As Reviravoltas do Destino
O quarto da suíte presidencial era um refúgio de silêncio e calma.
As malas repousavam num canto, e a janela aberta deixava entrar o som distante do mar.
Eloise girou no meio do quarto, os olhos brilhando como se quisesse gravar cada detalhe.
— É… perfeito — murmurou, encantada.
Augusto a observava em silêncio.
O olhar dele, antes sempre contido e calculado, agora era puro sentimento — amor, orgulho, e algo ainda mais profundo: paz.
Aquela mulher diante dele era o lar que ele nunca soube que procurava.
Ele se aproximou devagar, envolvendo-a pela cintura.
— Perfeito é ter você aqui.
Eloise ergueu o rosto, sorrindo.
O beijo veio antes de qualquer palavra. Lento, terno, e cheio daquilo que os dois já não precisavam mais esconder.
A noite os envolveu como uma promessa silenciosa.

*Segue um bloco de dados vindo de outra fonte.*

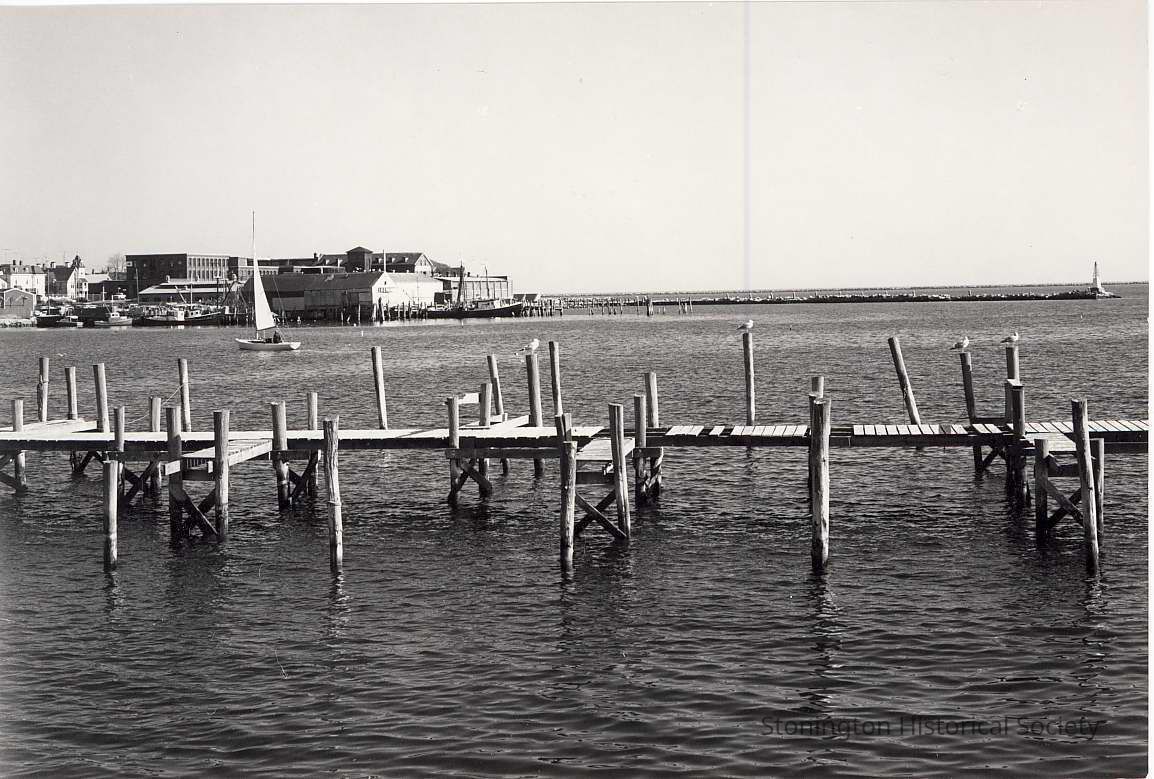 Harbor showing empty docks and breakwater and Atwoods/Monsanto in background.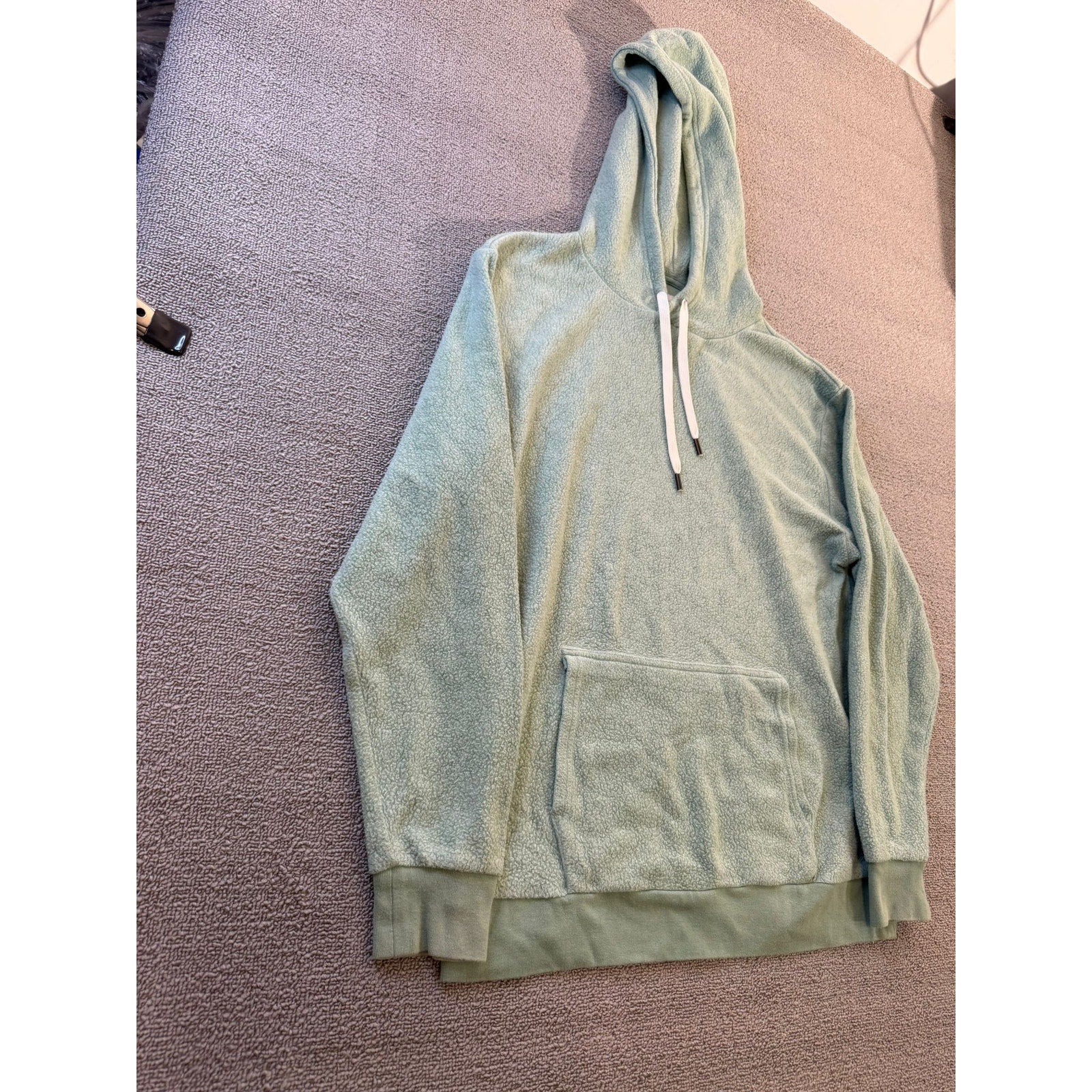 A plush hoodie from Feat’s BlanketBlend line in a soft light green fleece with a roomy kangaroo pocket and drawstring hood—perfect for lounging or casual layering.

Entre risos, carícias e sussurros, o tempo deixou de existir.
O que aconteceu depois não precisava de testemunhas — bastava o toque, o olhar, e o amor que falava por si.
Quando a manhã chegou, a luz do sol atravessava as frestas da cortina, desenhando faixas douradas sobre os lençóis amassados.
Eloise despertou primeiro.
Ficou em silêncio, observando o rosto de Augusto adormecido ao lado — o cabelo bagunçado, a expressão serena, o peito subindo e descendo em um ritmo tranquilo.
Ela sorriu.
Havia algo de novo ali — uma leveza que não vinha só do descanso, mas da certeza de que, pela primeira vez em muito tempo, ambos estavam exatamente onde queriam estar.
Augusto abriu os olhos devagar, o sorriso nascendo junto com o dia.
— Bom dia, minha futura esposa.
Eloise riu, de leve, o coração apertando de amor.
— Bom dia, senhor Monteiro.
Ele estendeu a mão, entrelaçando os dedos dela.
Por um instante, o mundo inteiro coube naquele gesto — simples, sincero e cheio de promessas.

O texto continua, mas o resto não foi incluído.